So what are u saying janice...that this clip is fake and someone dressed up as him and used a toy dog to strangle on camera?  That the dog in real had fun and they just make us believe that it did suffocate nearly to death? :huh:

He is someone who is famous through tv, there are real heros who helped out after hurricane catrina but noone points the finger at them because they dont have a famous name attached to them and they are not someone who was out to give himself more publicity ....


----------



## Nonnie (Apr 15, 2009)

JANICE199 said:


> *Now i dont know how many but i know for a fact Daddy's owner gave up on him.*


At just 4 months of age. Its highly doubtful at that age that the dog would have been euthanised for behavioural or temperamantal issues.
So he's not a saved red zone animal. Far, far from it.


----------



## JANICE199 (Feb 1, 2008)

*


Natik said:



So what are u saying janice...that this clip is fake and someone dressed up as him and used a toy dog to strangle on camera?  That the dog in real had fun and they just make us believe that it did suffocate nearly to death? :huh:

He is someone who is famous through tv, there are real heros who helped out after hurricane catrina but noone points the finger at them because they dont have a famous name attached to them and they are not someone who was out to give himself more publicity ....

Click to expand...

lmao Natik any thing you say will be fine by me.I have a mind of my own and a brain believe it or not.People love to take things to the extreme (sp).
If all you people that are so against him why aren't you going to see him and confront him?Too much hard work? but if someone comes along and says sign this petition to stop CM you'd all do it.:nonod::nonod::lol::lol::lol:*


----------



## CarolineH (Aug 4, 2009)

I personally would not waste money to go and see this person. If he actually knew his subject well and was someone who was doing great things for the world of dog training then I might have done. As for getting near him, do you honestly think that anyone will be able to? He will be VERY careful too not to openly abuse dogs during his shows as our RSPCA etc will also be watching closely.

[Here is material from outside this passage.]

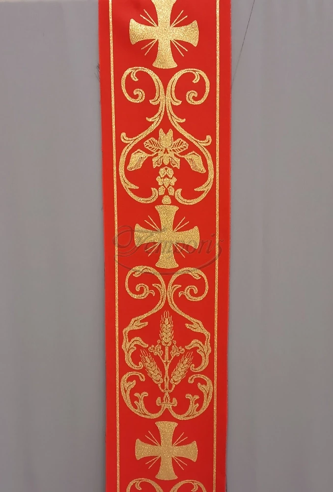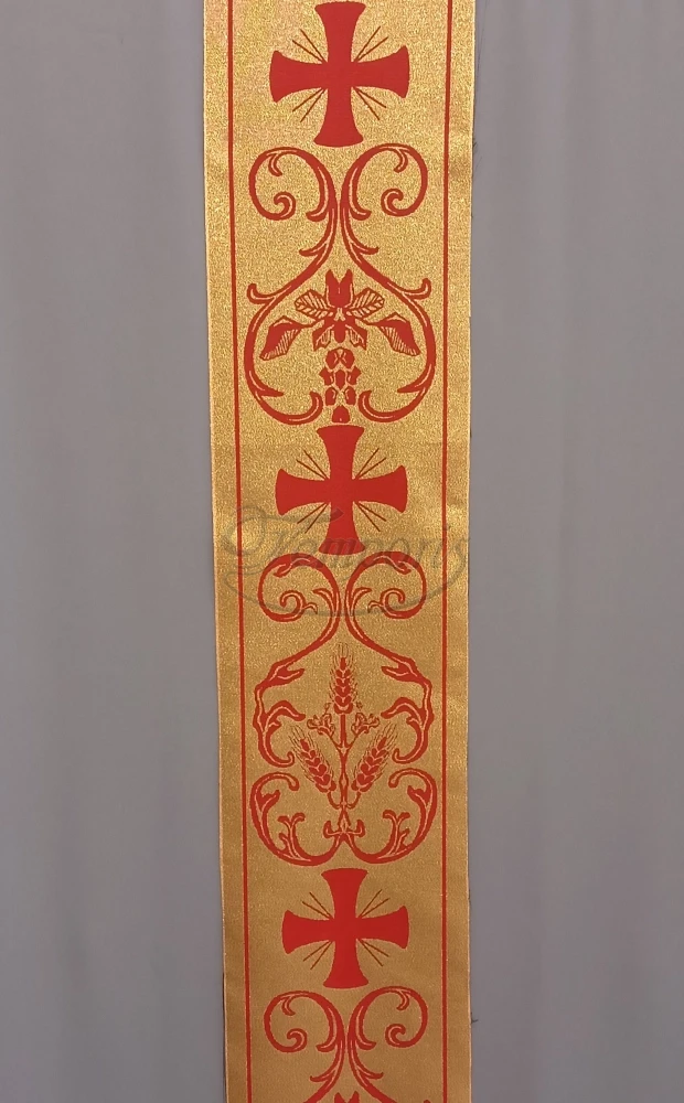 Motyw liturgiczny sprawia, iż stanowi idealny dodatek do ornatów lub innych szat sakralnych.
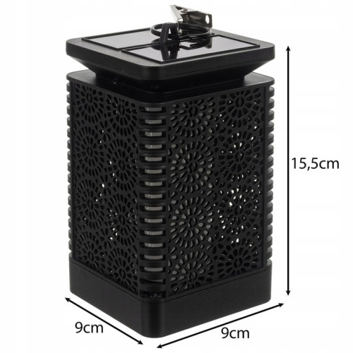 ТЕХНИЧЕСКИЕ ХАРАКТЕРИСТИКИ – цвет: черный; цвет свечения: теплый белый (имитация пламени); материал: ABS, железо; датчик сумерек: ДА; аккумулятор: 3.7V 600mAh; источник света: SMD LED; мощность: 1,2 Вт; светоотдача: 30 лм; угол луча: 360°; водонепроницаемость: IP44; время зарядки: 6-8 часов; время работы: 8 час; размеры: 15,5 х 9 х 9 см; вес: 0,2 кг; вес в упаковке: 0,3кг.

So many organisations are openly coming out against him? Mind you, they know diddly squat about animal welfare and what constitutes cruelty in dog training of course!


----------



## Natik (Mar 9, 2008)

JANICE199 said:


> *
> 
> lmao Natik any thing you say will be fine by me.I have a mind of my own and a brain believe it or not.People love to take things to the extreme (sp).
> If all you people that are so against him why aren't you going to see him and confront him?Too much hard work? but if someone comes along and says sign this petition to stop CM you'd all do it.:nonod::nonod::lol::lol::lol:*


because most likly i would have to pay him to be able to get to see him  and no way im giving any of my money towards him so he can continue his torture :nonod:

People who agree with his cruel techniques imo havent seen a proper behaviorist dealing with the same issue in a much kinder, happier way with a long lasting result... but this process would take weeks to months rather than 30 minutes on tv... to much hard work for some maybe  :wink:


----------



## JANICE199 (Feb 1, 2008)

CarolineH said:


> I personally would not waste money to go and see this person. If he actually knew his subject well and was someone who was doing great things for the world of dog training then I might have done. As for getting near him, do you honestly think that anyone will be able to? He will be VERY careful too not to openly abuse dogs during his shows as our RSPCA etc will also be watching closely.
> 
> So many organisations are openly coming out against him? Mind you, they know diddly squat about animal welfare and what constitutes cruelty in dog training of course!


*Oh i'm sorry i must have misunderstood, i thought all those video clips where of him openly abusing dogs.*


----------



## k8t (Oct 13, 2009)

leashedForLife said:


> hey, kate! :--)
> 
> it is not what he *says* that is generally the problem -
> there are the bizarre over-analysis moments where he ascribes some (species-normal) behavior to energy - the owners, the dogs, the visitors - or his irritating habit of labeling EVERYthing remotely objectionable as rooted in *dominance*...  which gets old very quickly.
> ...


----------



## CarolineH (Aug 4, 2009)

JANICE199 said:


> *Oh i'm sorry i must have misunderstood, i thought all those video clips where of him openly abusing dogs.*


He won't do it in the UK in a live show! That will no doubt have occured behind closed doors when he works with the dog away from the owners gaze!  Why else would the dogs react so submissively to a PSST! whereas most peoples 'unconditioned' dogs would take it as an exciting noise? Go figure! 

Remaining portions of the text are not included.